··· Study material ···

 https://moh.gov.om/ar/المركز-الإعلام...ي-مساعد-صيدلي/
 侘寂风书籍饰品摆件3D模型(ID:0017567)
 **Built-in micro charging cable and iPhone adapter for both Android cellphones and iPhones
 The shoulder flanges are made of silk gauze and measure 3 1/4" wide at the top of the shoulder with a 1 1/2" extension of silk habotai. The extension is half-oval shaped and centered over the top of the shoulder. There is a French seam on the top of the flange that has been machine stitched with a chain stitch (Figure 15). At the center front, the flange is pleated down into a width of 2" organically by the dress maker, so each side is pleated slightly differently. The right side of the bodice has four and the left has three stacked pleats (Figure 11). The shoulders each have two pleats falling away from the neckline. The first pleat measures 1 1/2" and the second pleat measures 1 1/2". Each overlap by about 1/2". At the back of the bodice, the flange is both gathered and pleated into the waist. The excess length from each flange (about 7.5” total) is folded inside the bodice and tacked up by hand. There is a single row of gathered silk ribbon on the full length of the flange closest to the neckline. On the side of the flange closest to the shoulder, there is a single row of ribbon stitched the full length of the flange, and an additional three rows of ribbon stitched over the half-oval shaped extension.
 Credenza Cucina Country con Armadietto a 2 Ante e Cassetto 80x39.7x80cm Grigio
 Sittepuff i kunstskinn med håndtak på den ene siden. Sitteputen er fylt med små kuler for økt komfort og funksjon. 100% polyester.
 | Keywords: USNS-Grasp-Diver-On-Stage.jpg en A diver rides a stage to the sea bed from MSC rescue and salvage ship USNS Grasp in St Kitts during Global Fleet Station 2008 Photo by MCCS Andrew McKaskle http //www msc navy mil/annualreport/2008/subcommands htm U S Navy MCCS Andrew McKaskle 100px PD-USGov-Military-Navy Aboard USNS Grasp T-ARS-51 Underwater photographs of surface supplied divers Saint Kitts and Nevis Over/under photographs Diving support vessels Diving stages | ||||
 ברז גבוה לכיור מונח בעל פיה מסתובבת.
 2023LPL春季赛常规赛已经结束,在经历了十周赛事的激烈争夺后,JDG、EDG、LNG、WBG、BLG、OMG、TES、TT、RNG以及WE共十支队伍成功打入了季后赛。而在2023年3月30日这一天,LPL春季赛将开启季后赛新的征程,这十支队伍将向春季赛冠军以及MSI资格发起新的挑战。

···
··· Study material ···

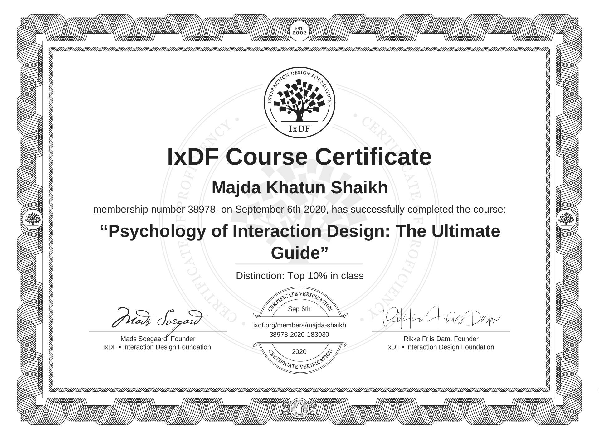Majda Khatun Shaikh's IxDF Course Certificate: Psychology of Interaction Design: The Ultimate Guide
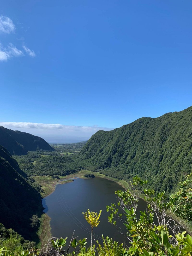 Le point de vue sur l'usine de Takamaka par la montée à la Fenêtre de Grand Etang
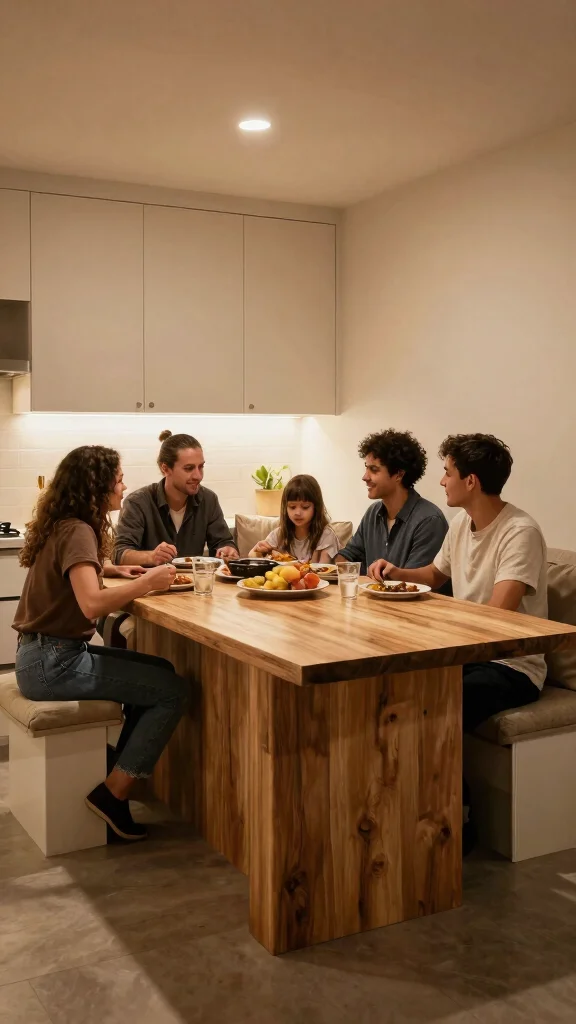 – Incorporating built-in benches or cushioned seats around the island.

···
··· Study material ···

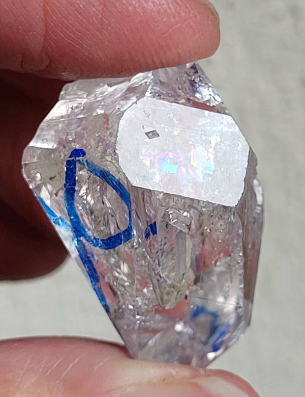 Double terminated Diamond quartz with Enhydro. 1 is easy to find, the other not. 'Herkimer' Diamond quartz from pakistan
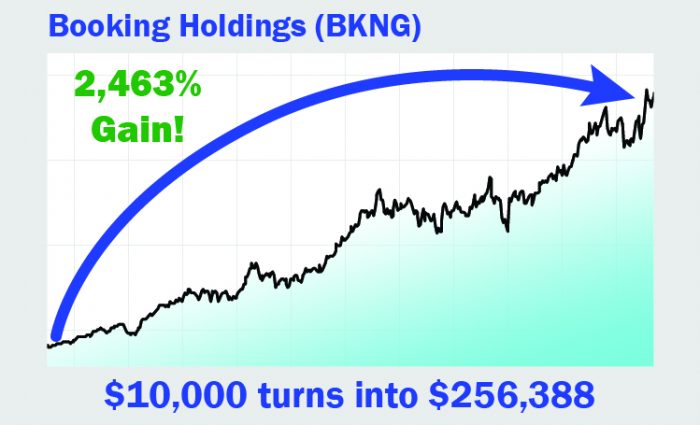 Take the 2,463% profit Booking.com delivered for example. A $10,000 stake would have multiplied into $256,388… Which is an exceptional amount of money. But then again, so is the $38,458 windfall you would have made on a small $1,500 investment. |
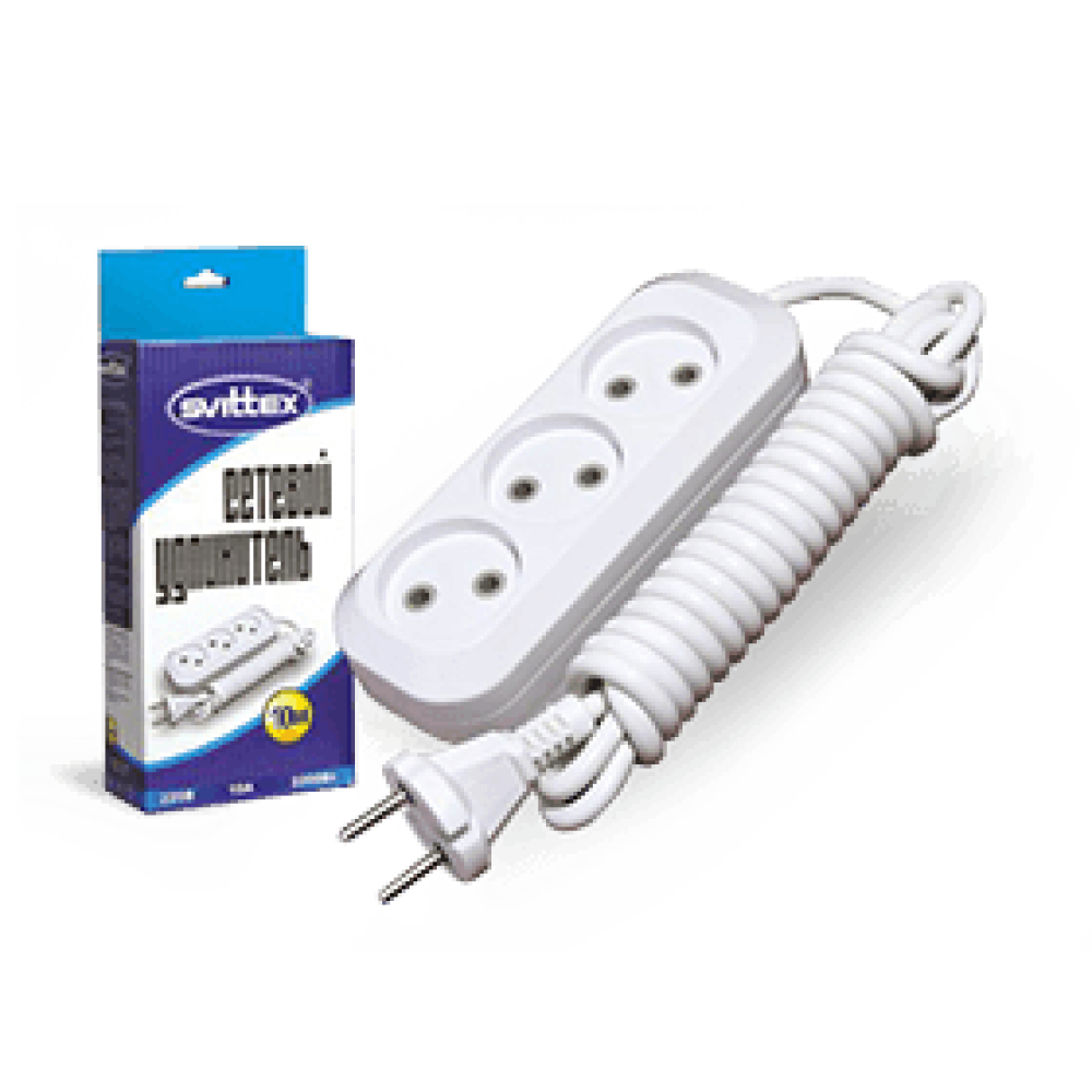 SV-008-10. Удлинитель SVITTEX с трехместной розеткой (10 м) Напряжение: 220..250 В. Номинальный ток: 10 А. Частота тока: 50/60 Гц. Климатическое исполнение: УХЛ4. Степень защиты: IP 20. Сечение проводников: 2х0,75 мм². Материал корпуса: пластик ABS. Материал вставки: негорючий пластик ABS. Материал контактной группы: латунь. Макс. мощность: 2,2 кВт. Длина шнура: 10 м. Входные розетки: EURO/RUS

···

Task goal |
Would you retype exactly the lines above, from the line with "侘寂风书籍饰品摆件3D模型(ID:0017567)" to the line with "cellphones and iPhones", with both end lines kept and nothing more?

Solution below |
 侘寂风书籍饰品摆件3D模型(ID:0017567)
 **Built-in micro charging cable and iPhone adapter for both Android cellphones and iPhones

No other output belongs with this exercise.